News

Anthropic's Code Execution With MCP Cuts Agent Token Usage by 98.7%

Anthropic published a new engineering approach that turns MCP tool calls into code APIs, dropping token consumption from 150,000 to 2,000. Here's how it works, why it matters, and what it means for anyone building AI agents at scale.

Jan Schmitz | | 7 min read
Anthropic's Code Execution With MCP Cuts Agent Token Usage by 98.7%

TL;DR: Anthropic’s engineering team published a pattern called “code execution with MCP” that restructures how AI agents interact with tools. Instead of loading thousands of tool definitions into the context window and passing intermediate data through the model, agents write code that calls MCP servers as APIs inside a sandboxed environment. One implementation dropped token usage from 150,000 to 2,000, a 98.7% reduction. The approach also keeps sensitive data out of the model entirely.


Anthropic’s Code Execution With MCP Cuts Agent Token Usage by 98.7%

There’s a dirty secret in the AI agent world that nobody talks about at demo day: Most agents are horrifically wasteful. Connect one to a dozen enterprise tools, ask it to do something useful with your data, and watch it burn through tokens like a sports car burns through premium fuel. Every tool definition, every intermediate result, every chunk of data that passes between services gets shoved through the model’s context window, racking up latency and cost.

Anthropic’s engineering team just published a fix. And the numbers are hard to ignore.

Their approach, detailed on the Anthropic engineering blog, takes the Model Context Protocol (the open standard they launched in November 2024 for connecting AI agents to external systems) and rethinks how agents use it. The core idea: Stop treating MCP tools as function calls. Start treating them as code APIs.

The problem nobody wanted to admit

Here’s the scenario that breaks most agent architectures today. Your AI agent connects to 15 MCP servers: Google Drive, Salesforce, Slack, a couple of databases, some internal tools. Standard direct-tool-calling approaches load every single tool definition into the model’s context at startup. Fifteen servers with 30 tools each? That’s 450 tool definitions sitting in your context window before the agent has processed a single user request.

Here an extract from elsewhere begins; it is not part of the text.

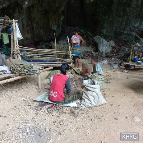 These two photo were taken in April 2024 in a cave where villagers were displaced in Noh Hsoo Neh village tract, Waw Ray Township, Dooplaya District. Villagers are displaced after an air strike was conducted by the SAC in Noh Ber Baw village tract, Waw Ray Township, on 12th March 2024. The photo on the left shows villagers who brought their store stock to the displacement site and continued running a small shop to support their livelihoods. The photo on the right shows villagers husking betel nuts, which they had brought to the displacement site to help meet part of their livelihood needs. [Photo: KHRG]

The math gets worse from there. Say someone asks the agent to pull a two-hour meeting transcript from Google Drive, extract action items, and update the relevant Salesforce records. Under the traditional approach, that transcript (easily 50,000 tokens) flows through the model when fetched, then flows through again when passed to the Salesforce update. A single straightforward workflow can consume 150,000 tokens. Multiply that by hundreds of daily requests across an organisation, and the costs spiral.

“For agents connected to thousands of tools, this can mean processing hundreds of thousands of tokens before addressing a user request,” Anthropic’s engineering post explains. And that’s not even accounting for edge cases where documents exceed context limits entirely, breaking workflows mid-execution.

This isn’t a theoretical problem. It’s the reason enterprise AI agent deployments have been slower than the hype suggested. According to analysis from Fast.io, unoptimised production agents can run $10 to $100+ per session. At that price point, the business case for automation evaporates fast.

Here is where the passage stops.